Het voorgaande betekent dat het hof niet toekomt aan het (inhoudelijk) toetsen van enige doorbrekingsgrond en dat [appellant 1] c.s. niet-ontvankelijk zijn in hun principaal beroep voor wat betreft hun
primaireverzoek tot (kort samengevat) het alsnog afwijzen van het verzoek tot het bevelen van een voorlopig getuigenverhoor (waarover de eerste grief in principaal beroep grotendeels gaat).
3.4.5.
Hetzelfde lot treft het incidenteel beroep van [geïntimeerde] . [geïntimeerde] is niet-ontvankelijk in haar incidenteel beroep van de toewijzing van het tegenverzoek tot het horen van [geïntimeerde] als getuige, nu ook zij in dat incidenteel beroep geen (tijdig) beroep op een doorbrekingsgrond van het rechtsmiddelenverbod heeft gedaan.
3.4.6.
Met betrekking tot het
subsidiaireverzoek in principaal beroep van [appellant 1] c.s. tot (kort samengevat) het alsnog toestaan van verhoor van getuige [getuige] (en -onder uitbreiding van het verzoek in eerste aanleg- eventuele nadere getuigen), waarover de tweede grief en voor een deel ook de eerste grief gaan, overweegt het hof als volgt. Het rechtsmiddelenverbod (artikel 188 lid 2 Rv) geldt hier niet, het betreft immers het beroep van een afwijzing van een verzoek tot het horen van een getuige ( [getuige] ). Toch zal het hof dit verzoek afwijzen, wegens gebrek aan belang.
[appellant 1] c.s. hebben ter zitting van dit hof verklaard dat het verhoor van [getuige] dient ter afwering van de mogelijke vordering van [geïntimeerde] in de bestuurdersaansprakelijkheidskwestie en óók -als ook door het hof ter zitting opgemerkt- in contra-enquête van het voorlopig getuigenverhoor kan plaatsvinden. Desgevraagd heeft de advocaat van [appellant 1] c.s. ter zitting verklaard dat het in eerste aanleg (voorwaardelijk) tegenverzoek tot het horen van [getuige] voor de zekerheid is ingediend voor het geval dat verhoor niet in de contra-enquête van het voorlopig getuigenverhoor zou kunnen plaatsvinden, bijvoorbeeld indien het verzoek tot het voorlopig getuigenverhoor door de rechtbank zou worden afgewezen. Wat daarvan -gelet op de door [appellant 1] in eerste aanleg geformuleerde voorwaarde- ook zij, het hof komt terzake tot het volgende oordeel.

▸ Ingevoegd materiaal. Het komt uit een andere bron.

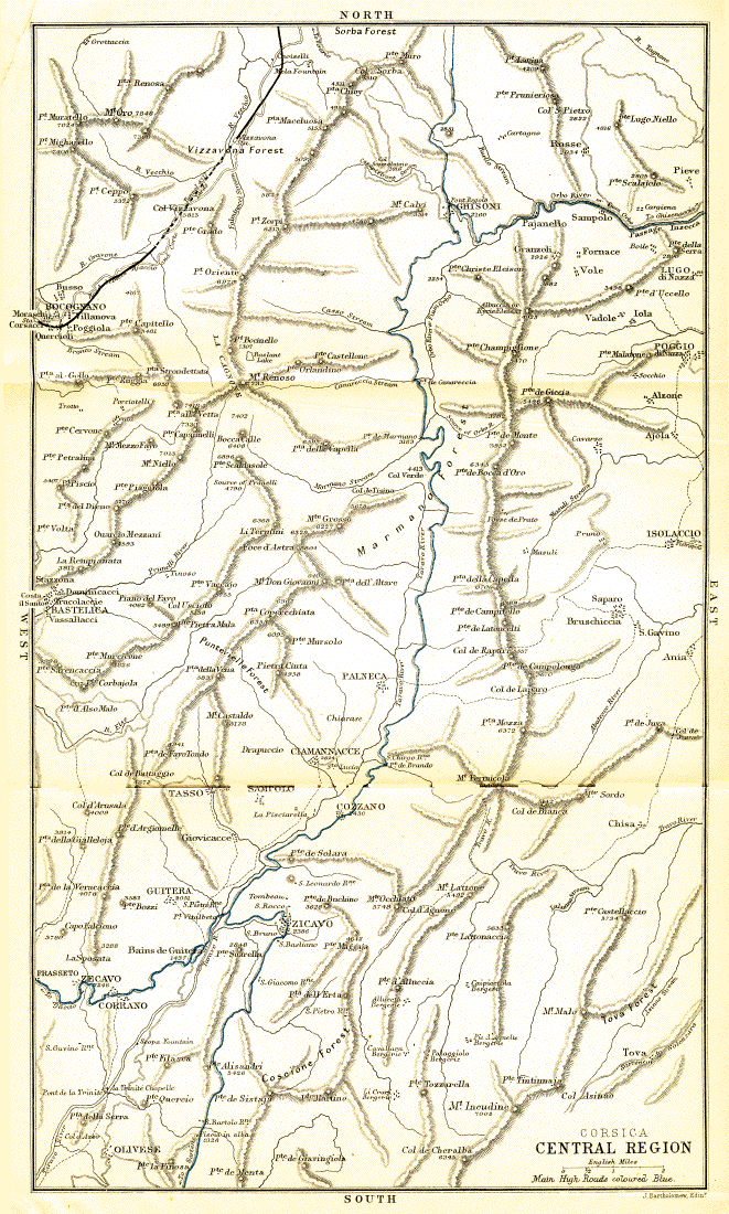 Ajaccio and Apa to Zicavo and the Baths of Guitera, by Santa-Maria-Siché, Frasseto and Zecavo. S. Maria-Siché is the birthplace of the fair and gentle Vanina. From Zicavo the ascent is made of Mt. Incudine; whence is beheld the finest view in Corsica. See maps on fly-leaf and fronting p. 27 |

Nu het voorlopig getuigenverhoor is bevolen (welke situatie wegens de gedeeltelijke niet-ontvankelijkheid in hoger beroep gehandhaafd blijft) en er dus (desgewenst) ook plaats is voor verhoor van getuigen in contra-enquête, hebben [appellant 1] c.s. geen belang (meer) bij hun subsidiaire verzoek en dient dat verzoek te worden afgewezen. Het hof merkt op dat het verder aan de rechter-commissaris is om ervoor te waken dat de vragen in contra-enquête op de mogelijk nog te starten bestuursaansprakelijkheidsprocedure zien en niet op de procedure tussen [B.V.] en [geïntimeerde] .
3.5.
Bovenstaande oordelen van het hof leiden tot de slotsom dat de beschikking van de rechtbank zal worden bekrachtigd, ook voor wat betreft het oordeel met betrekking tot het (voorwaardelijk) zelfstandig tegenverzoek, ook al was die beslissing in eerste aanleg naar het oordeel van het hof onnodig, gelet op het ook voor een voorlopig getuigenverhoor geldend recht op contra-enquête.
3.6.
Mede gezien de omstandigheden in deze zaak, in het bijzonder de over en weer spelende kwestie van de (niet-)ontvankelijkheid, is het hof van oordeel dat de proceskosten (in incidenteel en principaal) hoger beroep dienen te worden gecompenseerd.

4.De beslissing

Het hof:
in principaal en incidenteel hoger beroep
verklaart [appellant 1] c.s. niet-ontvankelijk in hun hoger beroep tegen de toewijzing door de rechtbank van het verzoek tot het houden van een voorlopig getuigenverhoor;
verklaart [geïntimeerde] niet-ontvankelijk in het door haar ingestelde incidenteel hoger beroep;
wijst af het subsidiaire verzoek in principaal hoger beroep van [appellant 1] c.s. tot horen van getuige [getuige] (en eventuele nadere getuigen);
bekrachtigt de beschikking waarvan beroep;
compenseert de proceskosten in (principaal en incidenteel) hoger beroep, aldus dat elke partij de eigen kosten draagt;
wijst af het anders of meer verzochte.
Deze beschikking is gegeven door mrs. A.P. Zweers-van Vollenhoven, J.W. van Rijkom en T. van Malssen en is in het openbaar uitgesproken op 17 oktober 2024.